We wanted to watch “Jesus Camp” that night. Our conversation topic had diverted to being scared silly at the junk extremist, fundamentalist Christians do, and someone thought this 2001 documentary they stumbled across on Netflix, “Hell House,” would be a reasonable substitute.

Although shortly into it I began to question if “Hell House” was actually celebrating the horrific acts of a group of Christians in this suburb near Dallas. Regardless of its stance, the documentary’s ambiguous editing and testimonials make it a questionably one-sided, unentertaining and uninformative film.

Each year in Texas, the Trinity Church hosts a haunted house designed to recreate sinful acts and the experience of walking through hell before aiming to convert them to the path of Jesus Christ. The house (a literal house built from scratch rather than a tent. Why don’t they use these resources to help the homeless or something?) warns against drunk driving and doing drugs, but also condemns suicide, homosexuality and abortion with punishment of eternal damnation.

Lucky parents can walk through this makeshift hellhole and see their kids grasping for life beneath glass covering a red gas filled chamber. And at the end of the tour, an authoritative black man will give you six seconds to walk through a door and pray with the church or risk dying and going to hell knowing what they now know.
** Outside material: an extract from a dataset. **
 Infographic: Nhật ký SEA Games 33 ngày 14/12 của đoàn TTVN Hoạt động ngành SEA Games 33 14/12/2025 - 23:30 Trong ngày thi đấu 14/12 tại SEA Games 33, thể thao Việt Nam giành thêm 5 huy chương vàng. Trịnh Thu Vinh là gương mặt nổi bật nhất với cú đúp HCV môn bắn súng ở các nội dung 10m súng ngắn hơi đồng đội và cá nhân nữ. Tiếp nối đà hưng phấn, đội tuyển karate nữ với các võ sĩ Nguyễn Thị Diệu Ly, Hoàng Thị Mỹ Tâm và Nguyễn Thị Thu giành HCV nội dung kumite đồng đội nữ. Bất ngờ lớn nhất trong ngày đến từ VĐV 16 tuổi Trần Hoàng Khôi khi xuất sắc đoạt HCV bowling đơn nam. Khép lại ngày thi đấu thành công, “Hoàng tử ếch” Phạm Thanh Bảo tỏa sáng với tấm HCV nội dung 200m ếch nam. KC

An intertitle at the end of the film informs that the Hell House has attracted over 75,000 people in roughly five years with about 15,000 converting and that other churches are following suit.

I find these to be scary numbers, and the homophobia and general ignorance rampant in this organization insults and terrifies me.
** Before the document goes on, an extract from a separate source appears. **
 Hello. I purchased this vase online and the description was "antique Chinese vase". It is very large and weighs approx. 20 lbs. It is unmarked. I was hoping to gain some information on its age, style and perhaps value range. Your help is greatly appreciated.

“Hell House” didn’t exactly reflect my opinions, and nor should it. The documentary is all cinema-verite and doesn’t outwardly demonize these people, make fun of them or even question them, but the editing remains ambiguous.

If the film is merely a journalistic, slice of life observation designed to educate us to some shocking people, what is particularly newsworthy about these people in Dallas? I’m aware these thoughts and feelings persist in communities like this, and “Hell House” merely confirms them. Beyond that, our journey into the Hell House is an unedited glimpse of each of the various sketches, denying us the backlash of others that would better educate us or the personal touches of individual characters we can follow and identify with.

And yet if this is a social commentary documentary, it certainly doesn’t seem to be using these scare tactics to great effect. All of the people director George Ratliff observe seem to take scary pleasure in imagining hell, but then he allows them to speak in serene looking infinity backdrops as they spout standard horror euphemisms and other emotionally charged, life changing affirmations. The people who enjoyed the Hell House, such as a mother who claims she’s had two miscarriages and thought the image of a teenager bleeding out her vagina after taking a morning after pill looked realistic, are treated normally, whereas those who actually talk back to the church management seem like the demons.

The message I derived from “Hell House” is that this church is doing something admirable and that their actions will help them escape the Earth before the moment of rapture. The director may not even agree with this statement, even if the church themselves certainly does. But regardless of their positions, I take no pleasure from hearing any part of it.